Recorded data:
+--

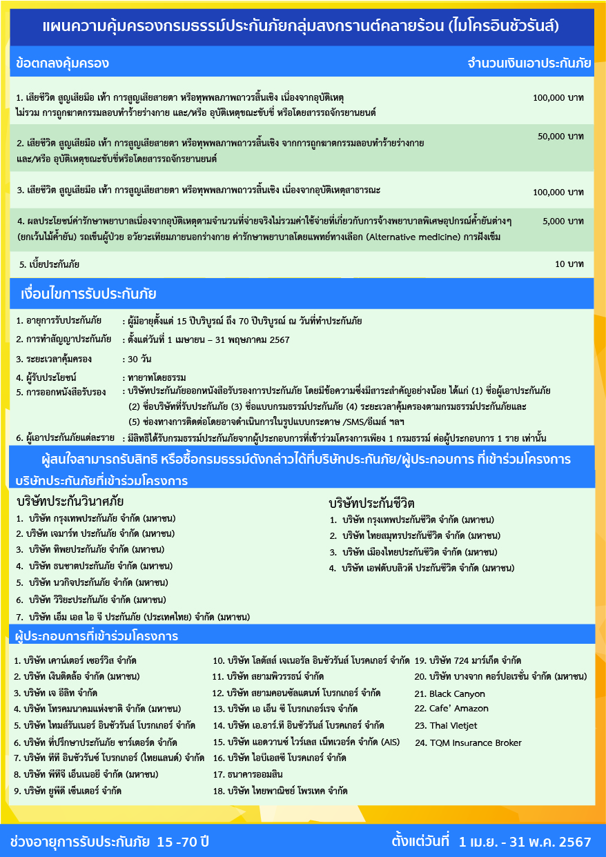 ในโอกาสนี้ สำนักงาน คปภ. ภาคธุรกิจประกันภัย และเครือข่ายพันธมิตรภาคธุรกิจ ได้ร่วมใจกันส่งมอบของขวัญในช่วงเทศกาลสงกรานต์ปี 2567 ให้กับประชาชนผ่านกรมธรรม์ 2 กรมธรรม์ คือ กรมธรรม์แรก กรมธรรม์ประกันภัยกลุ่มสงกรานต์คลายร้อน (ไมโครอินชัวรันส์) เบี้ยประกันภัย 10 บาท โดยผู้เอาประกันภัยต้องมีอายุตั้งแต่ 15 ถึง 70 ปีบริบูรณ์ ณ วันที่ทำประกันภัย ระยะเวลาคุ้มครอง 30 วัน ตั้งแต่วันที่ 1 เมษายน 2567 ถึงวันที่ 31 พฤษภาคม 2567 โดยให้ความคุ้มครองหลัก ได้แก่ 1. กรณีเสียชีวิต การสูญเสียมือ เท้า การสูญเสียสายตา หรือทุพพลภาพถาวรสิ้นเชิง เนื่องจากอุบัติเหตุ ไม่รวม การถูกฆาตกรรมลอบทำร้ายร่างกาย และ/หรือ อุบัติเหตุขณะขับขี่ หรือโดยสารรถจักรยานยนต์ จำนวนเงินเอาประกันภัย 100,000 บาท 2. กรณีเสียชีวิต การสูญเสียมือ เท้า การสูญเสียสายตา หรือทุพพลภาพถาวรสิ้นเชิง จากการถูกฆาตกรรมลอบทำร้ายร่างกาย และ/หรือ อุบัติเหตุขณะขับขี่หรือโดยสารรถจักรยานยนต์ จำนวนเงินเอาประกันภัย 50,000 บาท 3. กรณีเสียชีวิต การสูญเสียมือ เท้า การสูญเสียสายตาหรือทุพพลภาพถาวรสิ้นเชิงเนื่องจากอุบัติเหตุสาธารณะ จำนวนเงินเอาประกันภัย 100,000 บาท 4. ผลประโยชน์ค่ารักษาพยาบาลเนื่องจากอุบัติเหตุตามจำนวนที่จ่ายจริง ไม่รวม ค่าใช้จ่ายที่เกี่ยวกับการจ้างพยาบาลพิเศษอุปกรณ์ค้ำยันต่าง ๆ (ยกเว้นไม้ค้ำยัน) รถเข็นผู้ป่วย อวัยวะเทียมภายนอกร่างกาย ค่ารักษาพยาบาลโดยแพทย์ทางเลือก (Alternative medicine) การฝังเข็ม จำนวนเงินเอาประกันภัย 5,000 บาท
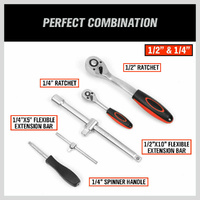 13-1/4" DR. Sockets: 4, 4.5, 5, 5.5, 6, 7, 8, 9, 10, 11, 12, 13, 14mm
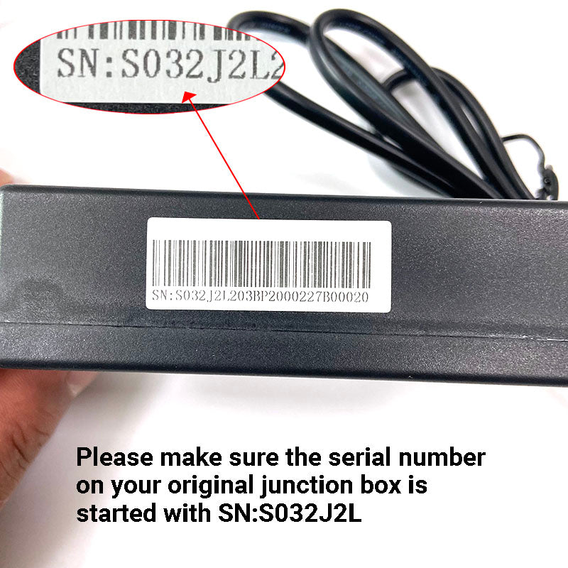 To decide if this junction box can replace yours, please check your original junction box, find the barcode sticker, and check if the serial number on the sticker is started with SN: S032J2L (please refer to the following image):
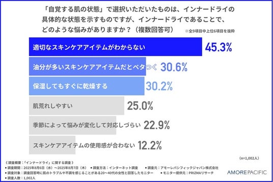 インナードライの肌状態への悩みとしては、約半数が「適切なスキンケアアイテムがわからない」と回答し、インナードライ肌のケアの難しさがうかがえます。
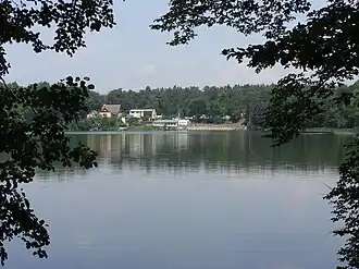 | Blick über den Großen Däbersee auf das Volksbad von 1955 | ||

+--

Work instructions:
Only the lines from the one that contains "To decide if" through the last line of the records may appear in the answer, retyped exactly and with no pictures.

Output of the task:
 To decide if this junction box can replace yours, please check your original junction box, find the barcode sticker, and check if the serial number on the sticker is started with SN: S032J2L (please refer to the following image):
 インナードライの肌状態への悩みとしては、約半数が「適切なスキンケアアイテムがわからない」と回答し、インナードライ肌のケアの難しさがうかがえます。
 | Blick über den Großen Däbersee auf das Volksbad von 1955 | ||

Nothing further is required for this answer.